Items listed in a dataset
::::::::
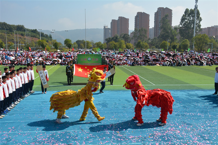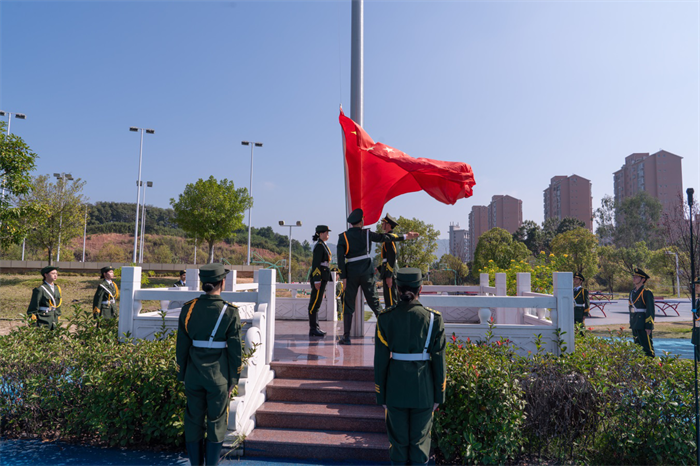 国旗队迈着整齐有力的步伐护送国旗入场。在雄壮的国歌声中,鲜艳的五星红旗冉冉升起,师生们全体肃立,注目国旗,向伟大祖国致以崇高敬意。
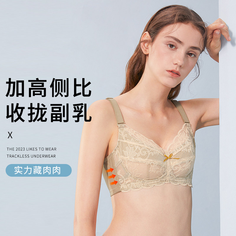 润微茶肌内衣女士大胸显小薄款收副乳聚拢大码上托防下垂蕾丝文胸
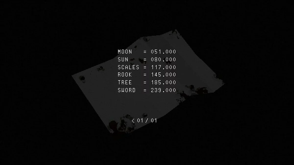 Возвращаемся к документу «Частоты» (Frequencies document) и настраиваем приемник на частоту, связанную с «Мечом». Смотрим появившийся внизу ряд чисел. Осталось только сопоставить эти числа с символами и ввести верную комбинацию к сейфу.
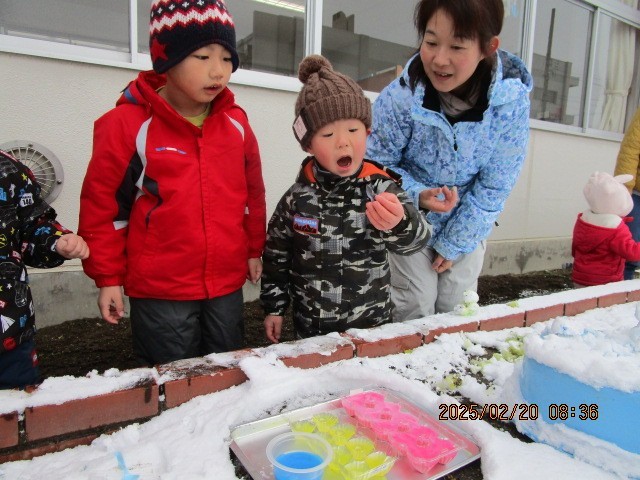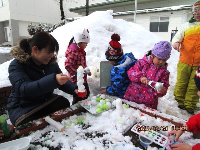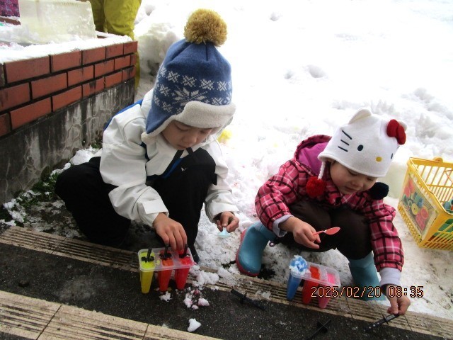 色水と雪を使って、アイスづくりも始まりました。カラフルなアイスをつくる子や、4段アイスに挑戦する子もいました。4・5歳児がしていることに3歳児も興味をもち「僕もやりたい」「どうやるの」と自分から声をかけてやってみようとする姿もありました。
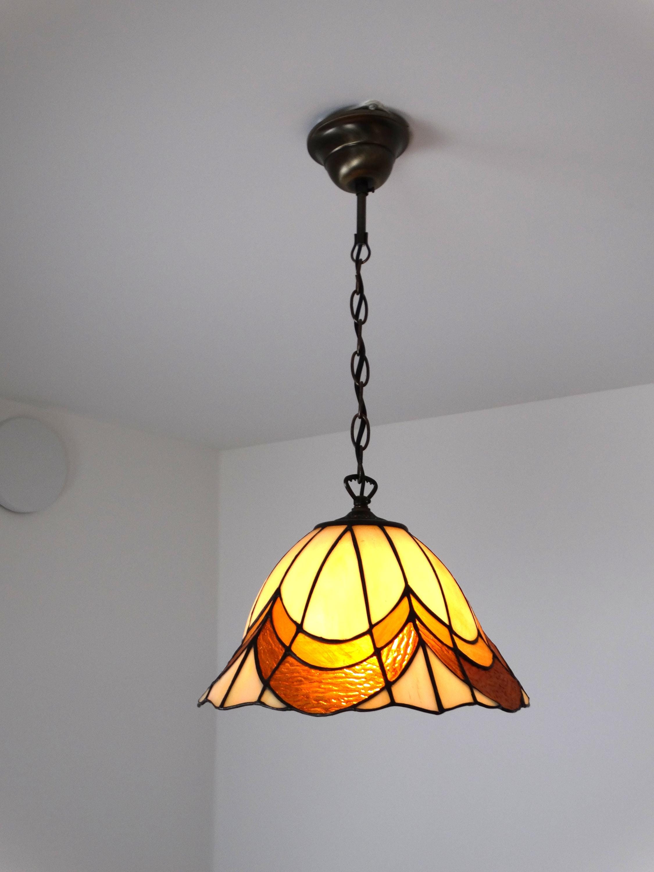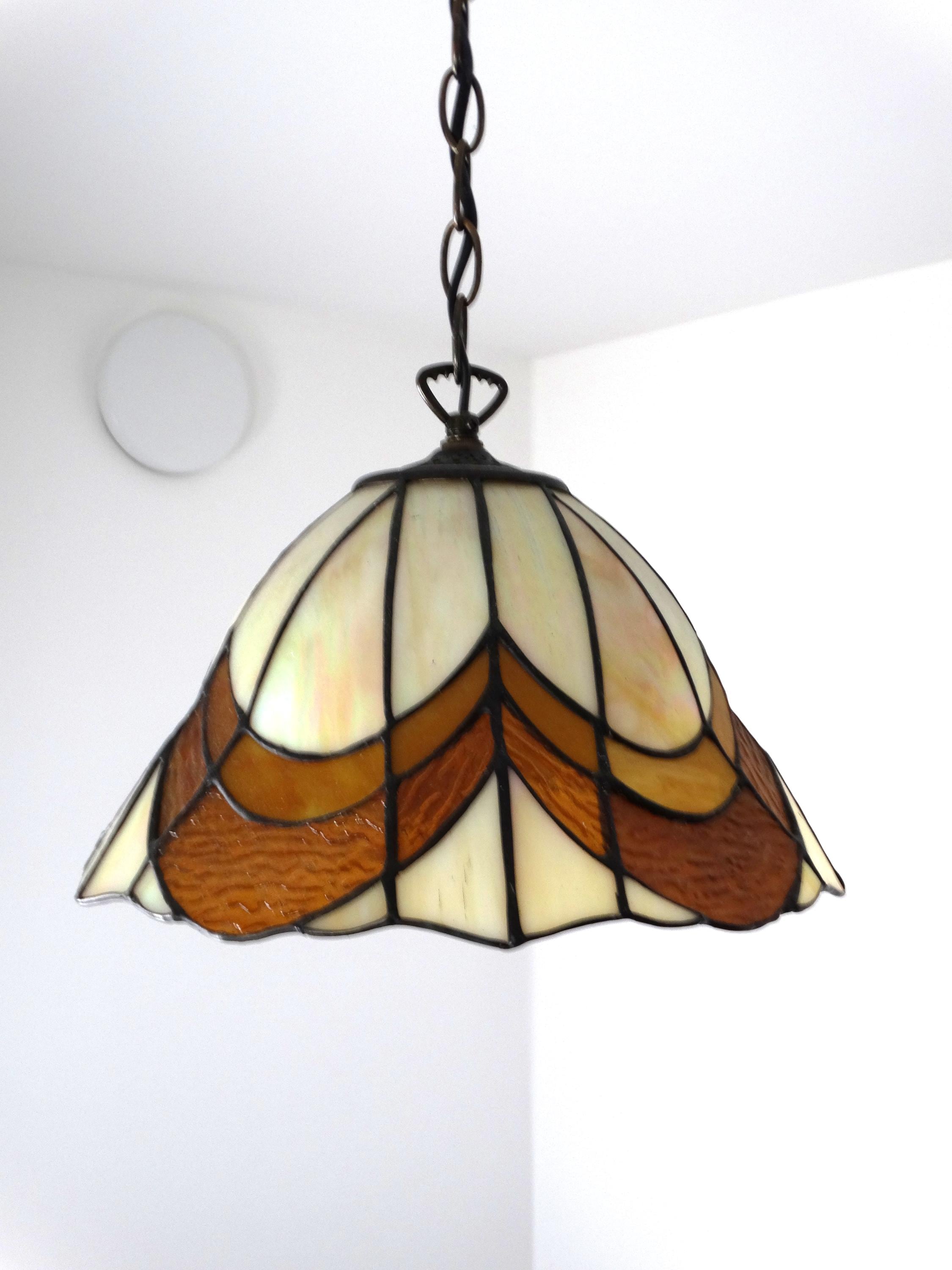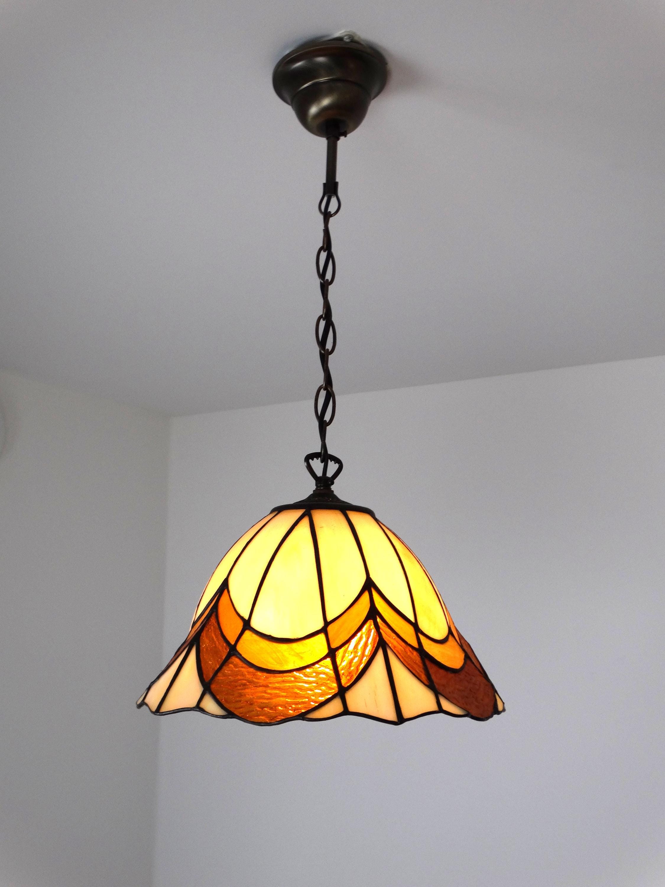 Vintage Tiffany-style lamp. This beautiful pendant lamp has lovely colors on the shade. This pendant lamp is truly fantastic to look at.
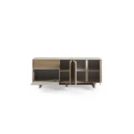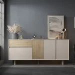 El Aparador Carpi es una pieza de gran capacidad y diseño vanguardista, ideal para salones y comedores que buscan un mueble funcional que combine la calidez de la madera con la sobriedad de los tonos neutros.
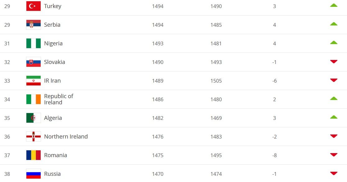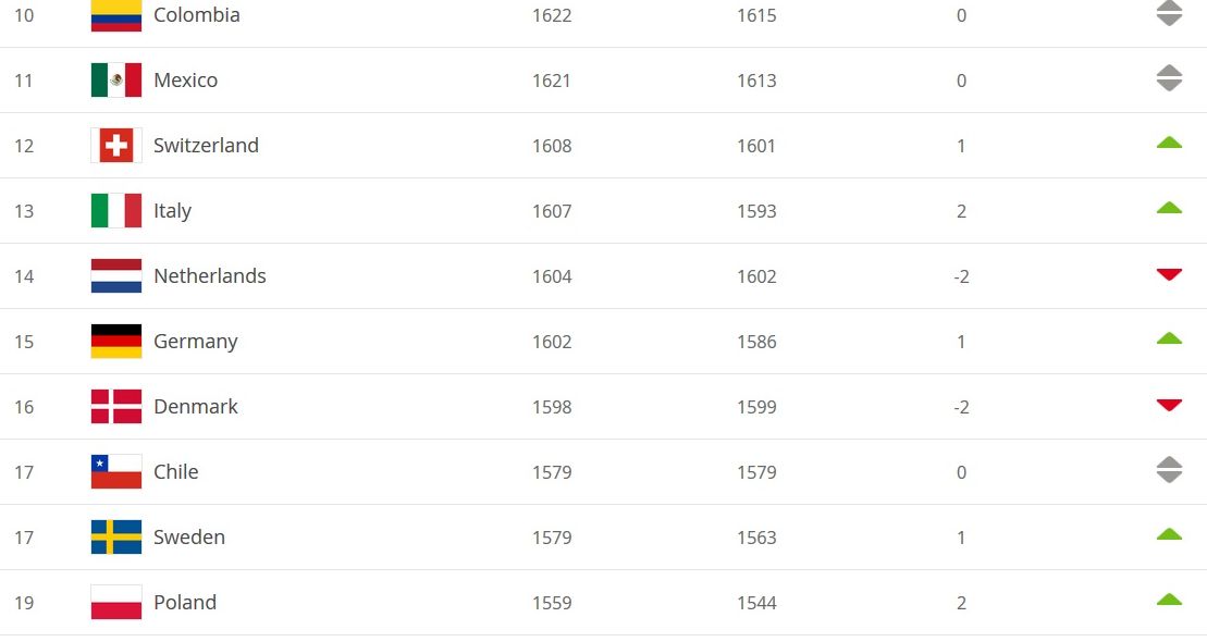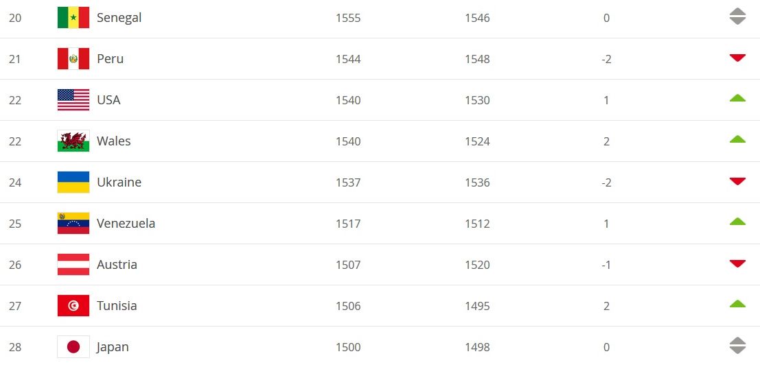 В обновленном рейтинге ФИФА сборная Украины по сравнению с октябрем опустилась на две позиции. Сейчас наша национальная команда занимает 24-е место в мире.
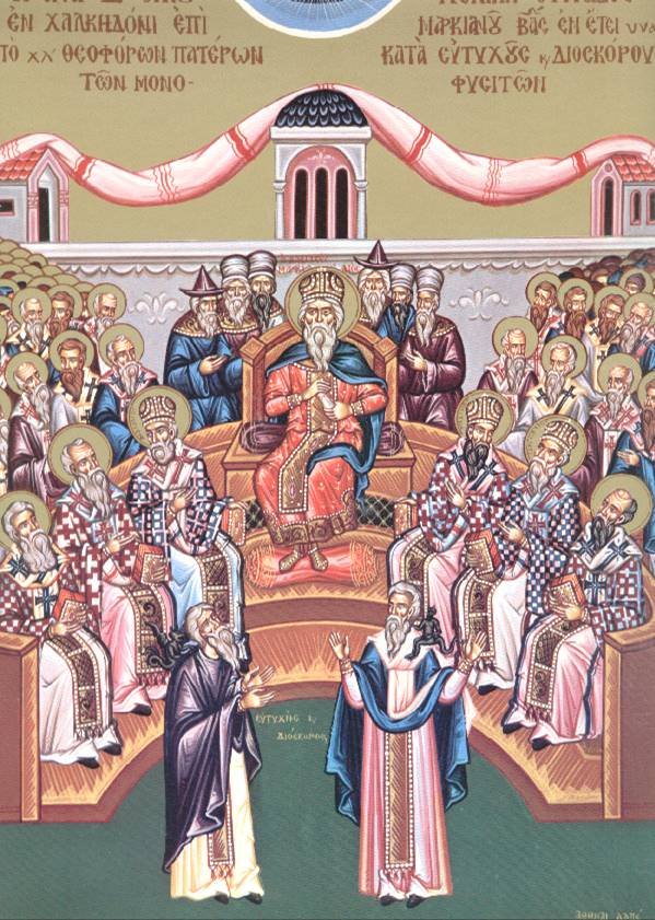 Ἡ τέταρτη οἰκουμενικὴ Σύνοδος ἔγινε στὰ 451 χρόνια μετὰ τὴ γέννηση τοῦ Χριστοῦ στὴ Χαλκηδόνα τῆς Βιθυνίας. Ἐκεῖ συνάχθηκαν 630 Πατέρες τῆς Ἐκκλησίας καὶ καταδίκασαν τὸν ἀρχηγὸ τῆς αἵρεσης τοῦ μονοφυσιτισμοῦ Εὐτυχῆ καὶ τοὺς ὀπαδούς του. Μονοφυσιτισμὸς εἶναι ἡ αἵρεση καὶ ἡ πλανεμένη διδασκαλία, ποὺ παραδέχεται τὸν Ἰησοῦ Χριστὸ μόνο ὡς Θεό. Ἡ Σύνοδος δογμάτισε ὅτι ὁ Ἰησοῦς Χριστὸς εἶναι Θεάνθρωπος, τέλειος Θεὸς καὶ τέλειος ἄνθρωπος, κι ὅπως τὸ ψάλλουμε στὸ Δοξαστικό τοῦ Ἑσπερινοῦ στὸν πλ. δ’ ἦχο, «διπλοῦς τὴν φύσιν, ἀλλ’ οὐ τὴν ὑπόστασιν».
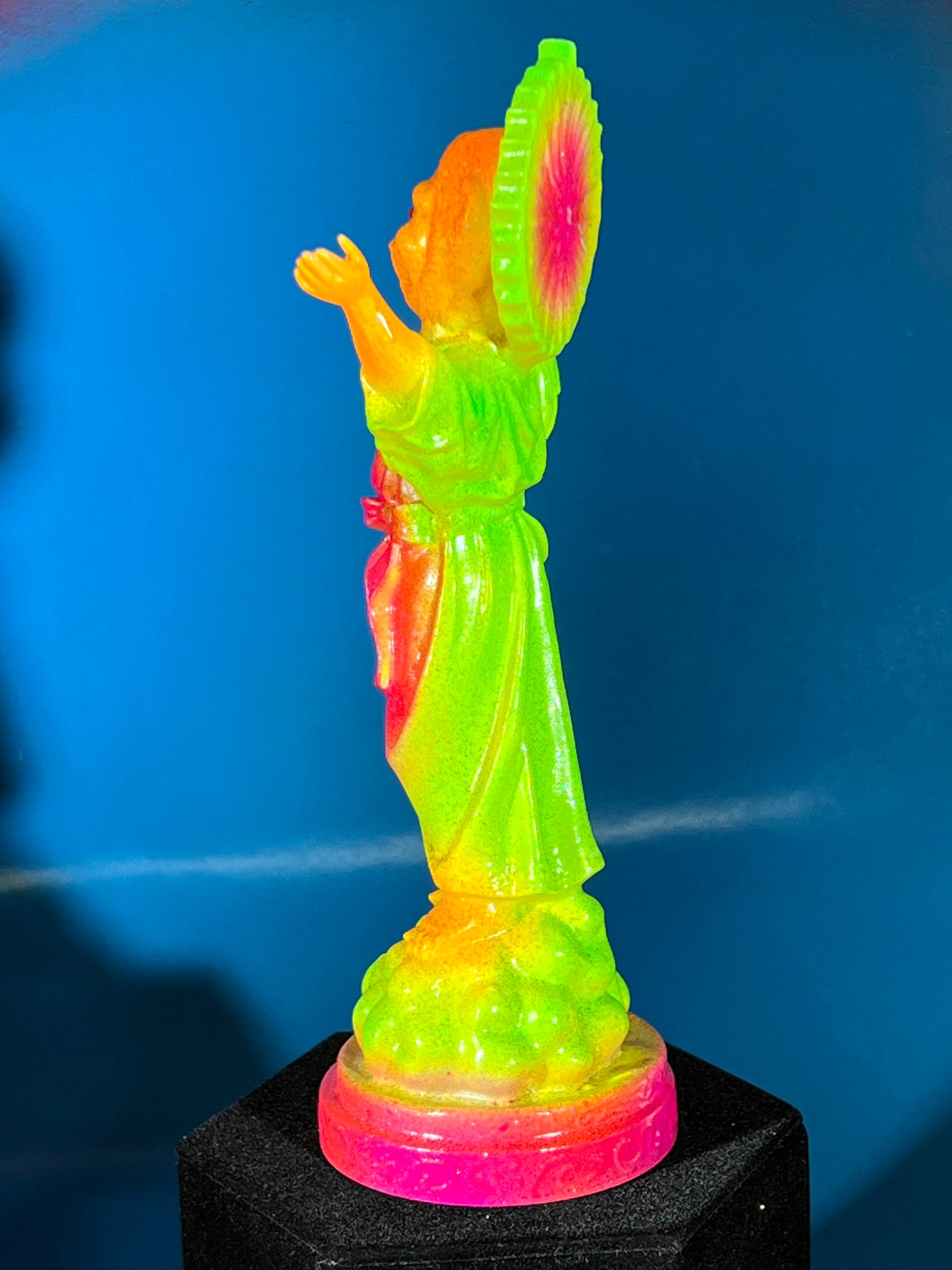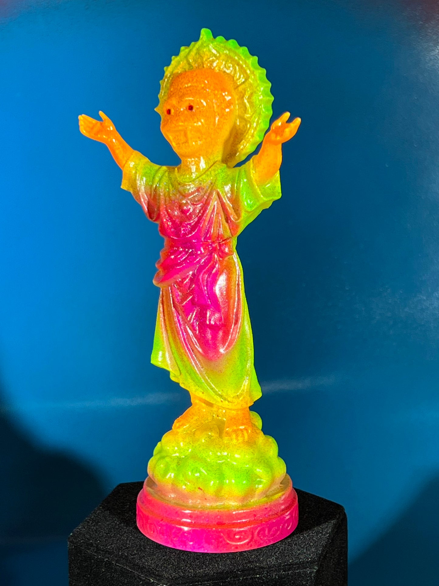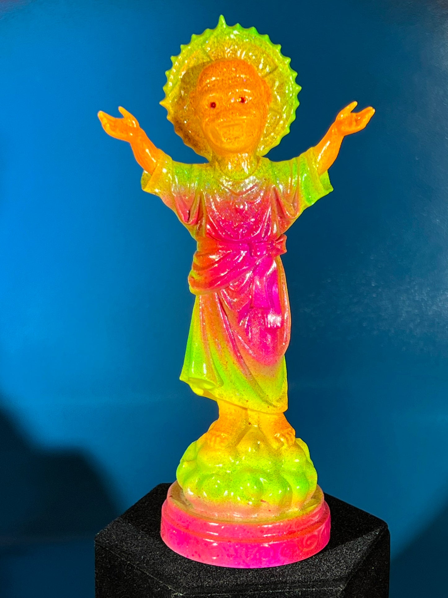 Resin printed, painted in neon colors with blue and black holographic glitter. 7”
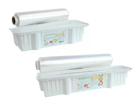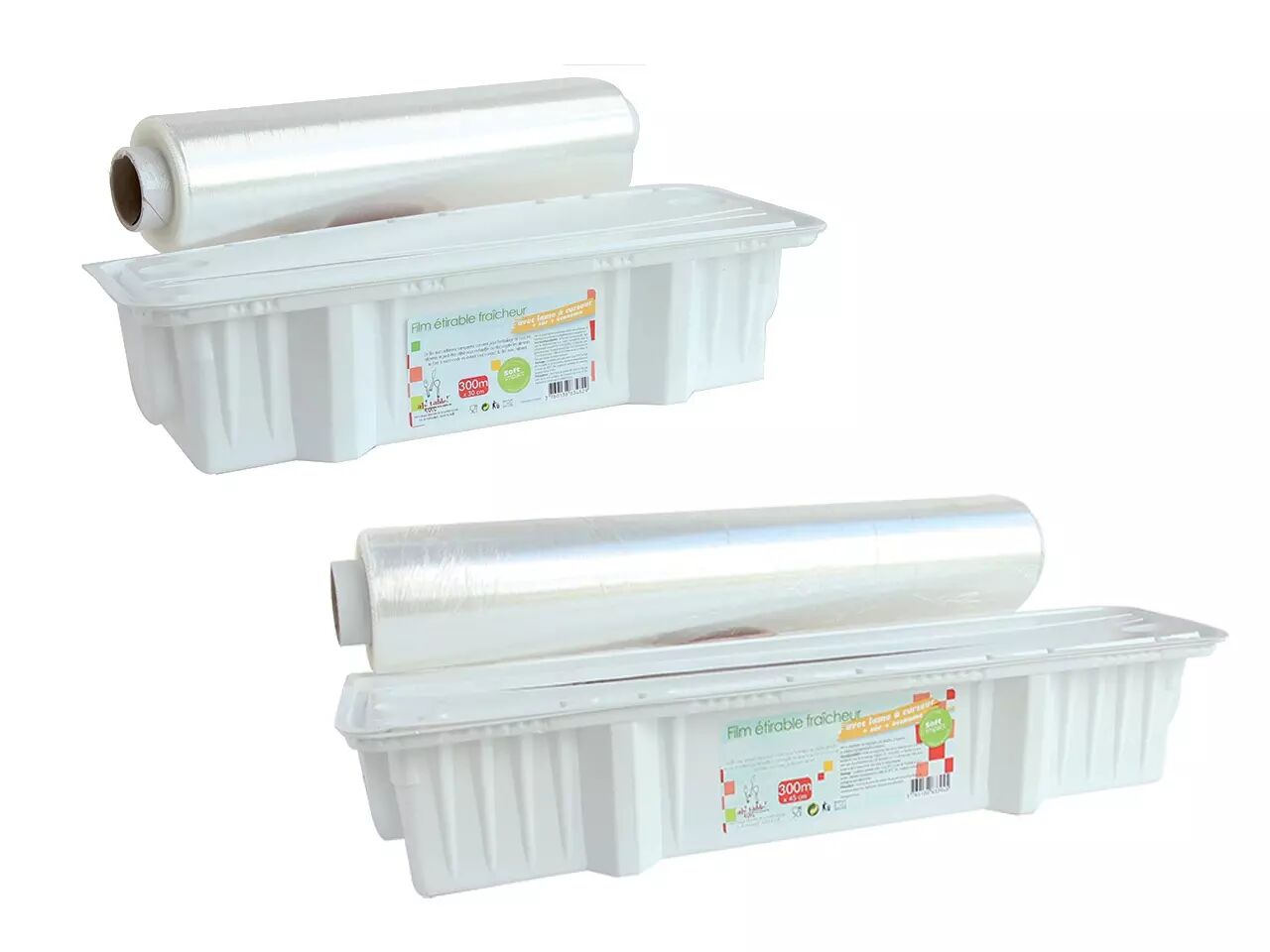 Film étirable alimentaire sans PVC, avec lame de découpe à curseur plus sûr et plus économe.
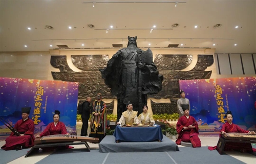 當(dāng)晚,博物院不再是靜默的展廳,而化身為穿越時空的舞臺。以莊嚴(yán)的商湯雕像為背景,古器樂節(jié)目《商王的盛宴》奏響,悠揚(yáng)古樂聲中,商湯與民同宴、祈求順?biāo)斓臍v史場景再現(xiàn)眼前,令人恍若穿越三千年。
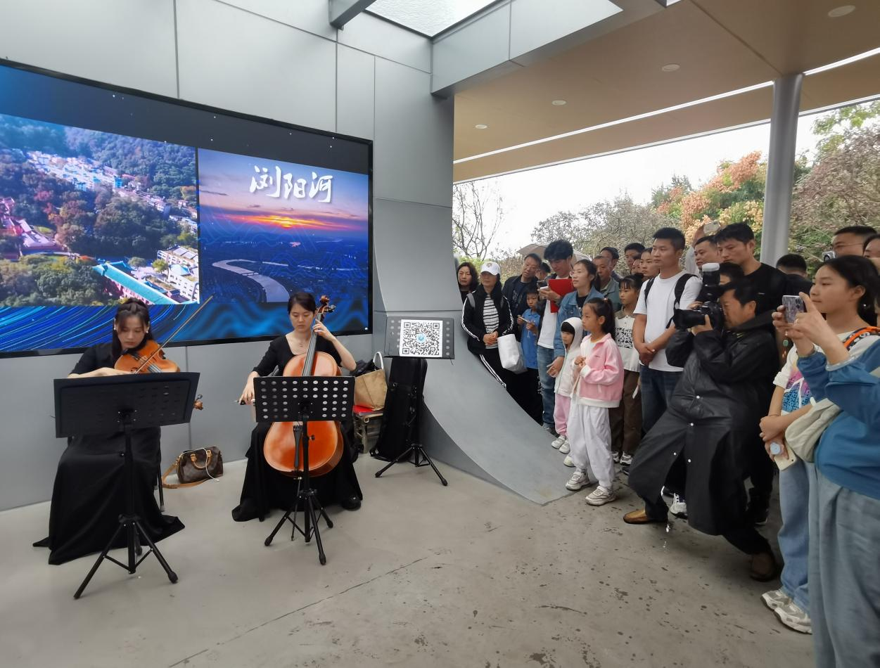 安徽乐团演奏员在长沙馆为游客演奏管弦四重奏《浏阳河》。
::::::::
Your assignment: Leave the pictures out and repeat exactly the lines from the beginning of the records to the line bearing "Vintage Tiffany-style lamp.", both ends counted.

Solution:
 国旗队迈着整齐有力的步伐护送国旗入场。在雄壮的国歌声中,鲜艳的五星红旗冉冉升起,师生们全体肃立,注目国旗,向伟大祖国致以崇高敬意。
 润微茶肌内衣女士大胸显小薄款收副乳聚拢大码上托防下垂蕾丝文胸
 Возвращаемся к документу «Частоты» (Frequencies document) и настраиваем приемник на частоту, связанную с «Мечом». Смотрим появившийся внизу ряд чисел. Осталось только сопоставить эти числа с символами и ввести верную комбинацию к сейфу.
 色水と雪を使って、アイスづくりも始まりました。カラフルなアイスをつくる子や、4段アイスに挑戦する子もいました。4・5歳児がしていることに3歳児も興味をもち「僕もやりたい」「どうやるの」と自分から声をかけてやってみようとする姿もありました。
 Vintage Tiffany-style lamp. This beautiful pendant lamp has lovely colors on the shade. This pendant lamp is truly fantastic to look at.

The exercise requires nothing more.